At the first class the professor (Kevin Sorbo, a former TV “Hercules“) somewhat startles his 80 students by demanding they expedite the process of acquiring the wisdom of Nietzche and Hume et al by writing a simple contract stating “God is dead” and signing it. Anyone unwilling to do so, he warns, will be the object of some ugly academic sausage making. Well, you can figure the rest. The Christian kid cannot and will not betray his convictions, and the professor lays out for him the consequences. Woven into the fabric of the story line are characters like the student’s Christian girl-friend who abandons him because his decision contradicts her “plans” for both of them, a student from China fascinated with his first encounter with the conflict of faith at odds with reason, a Muslim student who struggles with her father’s strict adherence to orthodox Islam, and the professor’s live-in girl friend, who is a repressed Christian resigned to leaving her faith at the front door. Long story short, the student’s exegetical response to the professor’s suppression is compelling stuff, but not stiffly delivered or didactic at all.

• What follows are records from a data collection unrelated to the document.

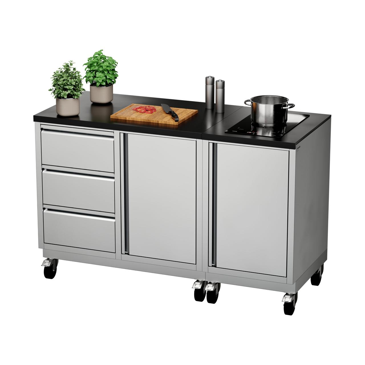 - 1x quub Einzelmodul mit Tür und Kochfeld, mit Rollen und Arbeitsplatte
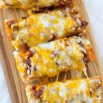 Spoon the beef mixture generously over each slice of garlic bread. Sprinkle with shredded mozzarella cheese.
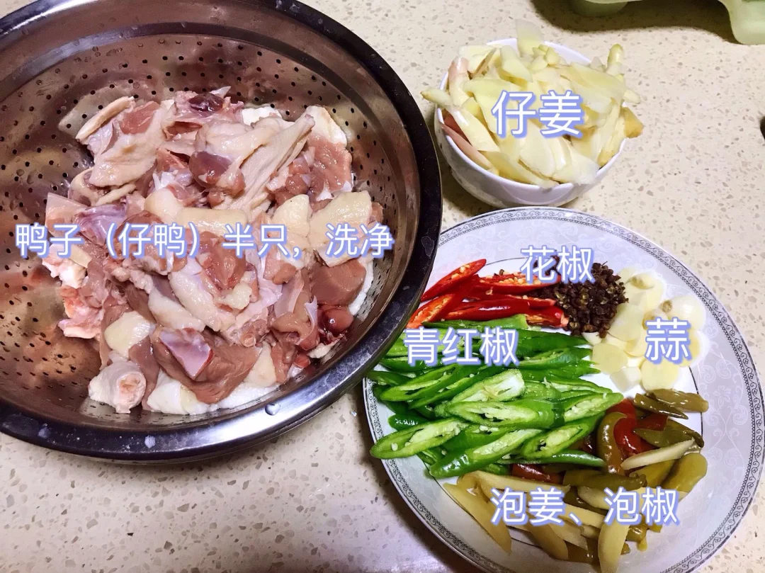 [赞R]食材:鸭子半只(仔鸭)、仔姜、花椒、青红辣椒、泡椒、泡姜、大蒜
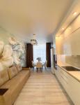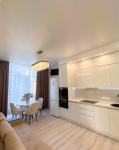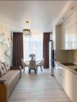 Ремонт в светлых тонах. Квартира укомплектована мебелью и бытовой техникой.
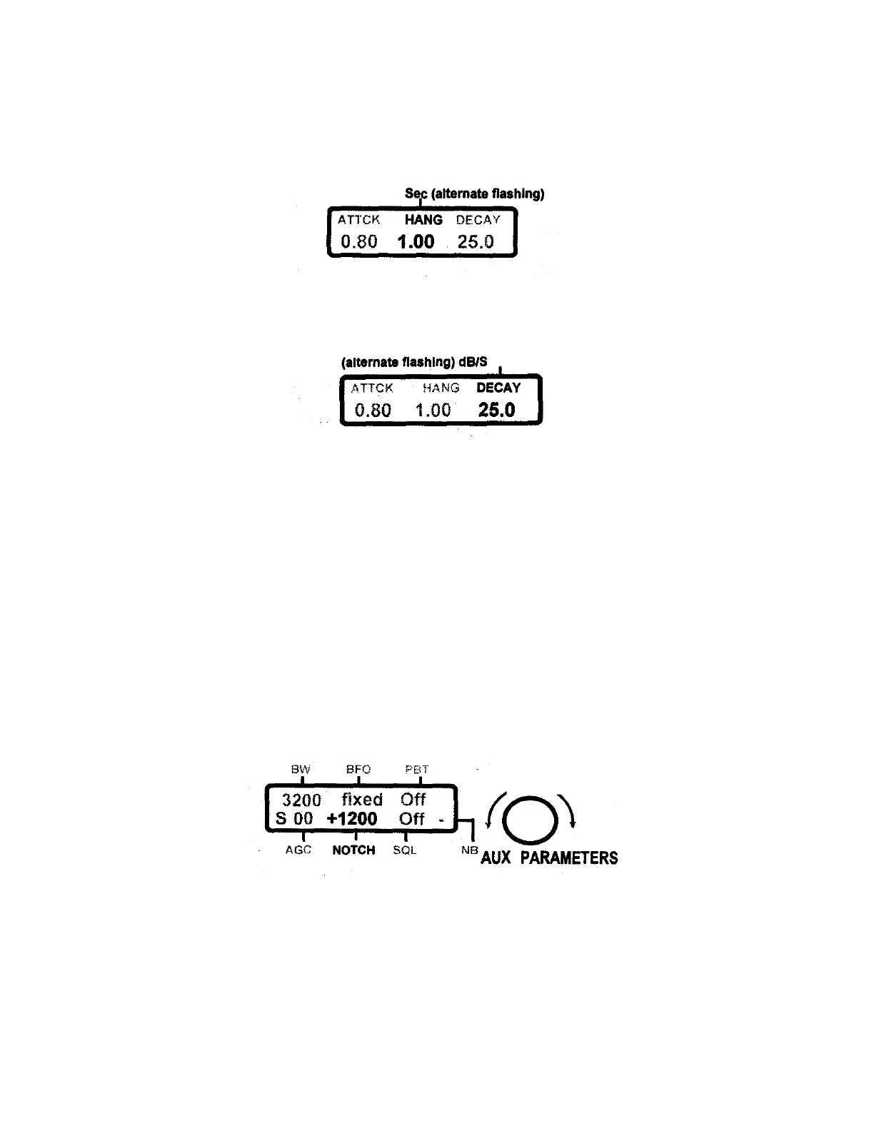 3. Set Decay Time: To advance to Decay Time, press the AGC button again. The third
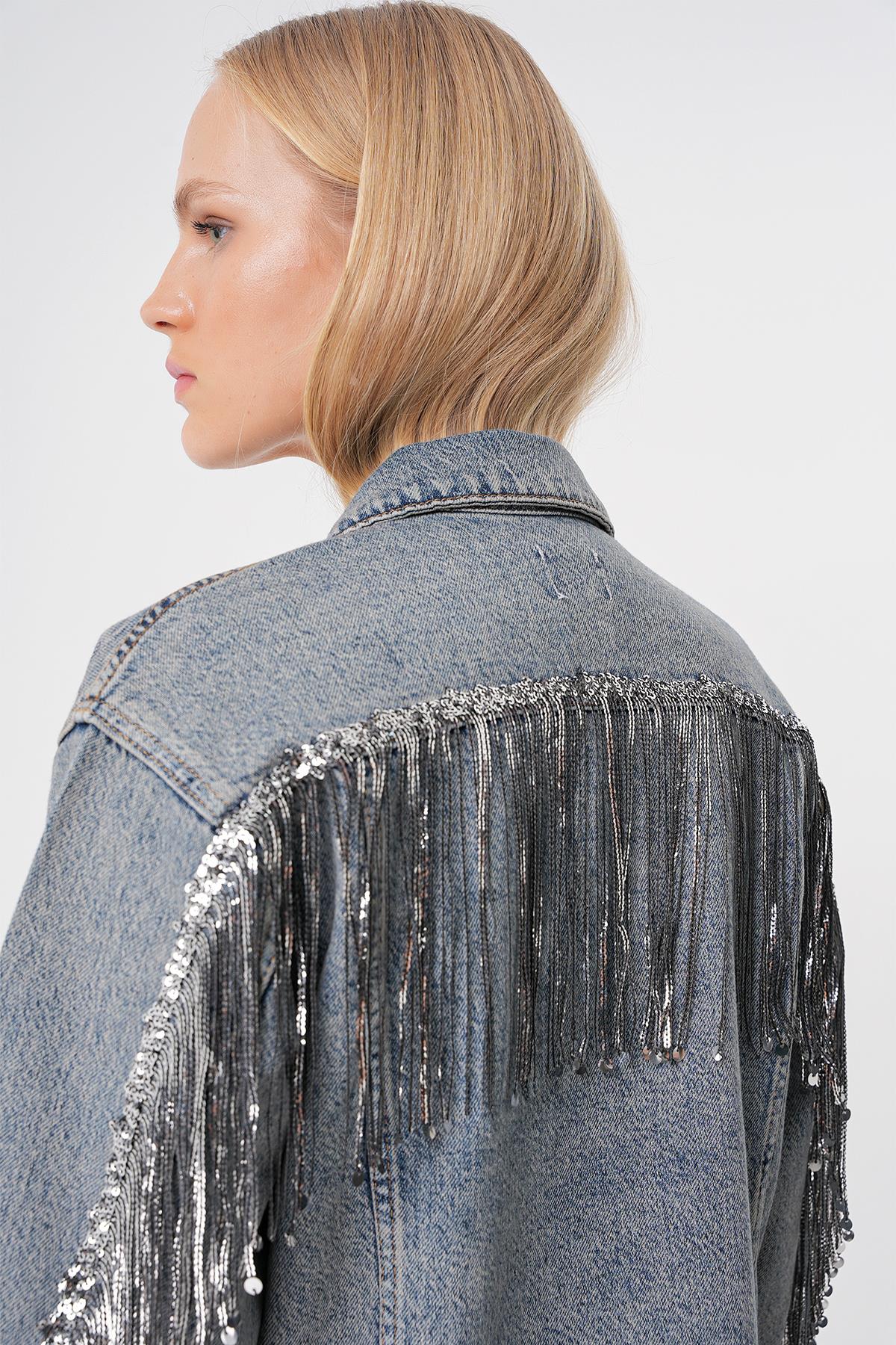 Mavi Vintage Yikama Parlak Pul Detayli Oversize Denim Ceket
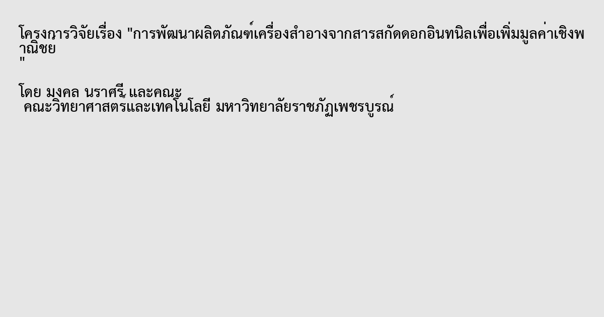 การพัฒนาผลิตภัณฑ์เครื่องสำอางจากสารสกัดดอกอินทนิลเพื่อเพิ่มมูลค่าเชิงพาณิชย์
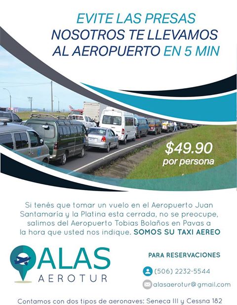 If you are willing to pay US$49.90 (about ¢28,000 colones) to avoid all the traffic mess, going from Pavas (San Jose) to Alajuela, ALAS Aerotur will take you by air in only 5 minutes.

As the Cafe is about both chant and life, I offer these reflections: 1. We are dismissed from each Mass with the admonition to “serve” God in the interim between that moment and the next we gather for Mass; 2. If there was a movie titled “Chant is Not Dead,” how would that story line best be told?

Yesterday before leaving the office, I scoured the MS website for pre-conciliar daily Missals without finding a usable source to prepare for the EF Mass. But before leaving I also searched my library and found a 1951 St. Joseph’s Missal. I felt so “Eureka!” and stuck it in my bag with the GS and PBC. As I said over at MSF, most of my EF experiences have been of the Missa Solemnis or Requiem rites. So, last evening, going through the Low Mass with the old Missal I realized the experience was yet another unveiling to my almost child-like visceral response to each EF Mass I hear and sing. I am God’s child, I am learning the faith of all time in a manner not unlike children in the First Grade with “My Little Red Book” of stories (“See Jane run. See Spot run after Jane.”)

To wrap up this little soliloquy- from reflecting upon both “events” last night it occurs to me that we all could probably risk a lot more in the public square to witness to Christ, His Gospel and Kingship over our lives. That shouldn’t be news to any readers here, nor am I suggesting any deficiencies in doing so among us. But yesterday’s gospel in the EF (from Matthew, I think) mentions that if we’re more concerned about our “rainment,” we need to consider the lilies, not even Solomon in all his glory was so adorned.” And as regards “Chant is Not Dead,” I’m mulling over (I’m an idea guy, and a bit of an anarchist) about how we locally could do things like “chant flash mobs?” Maybe at the next season of the symphony in the theatre during admission. Maybe at the St. Paddy’s Parade. Or like a few of us did at Indy before dinner at Buca de Beppo’s (fabulous) restaurant, chanting the blessing before the meal.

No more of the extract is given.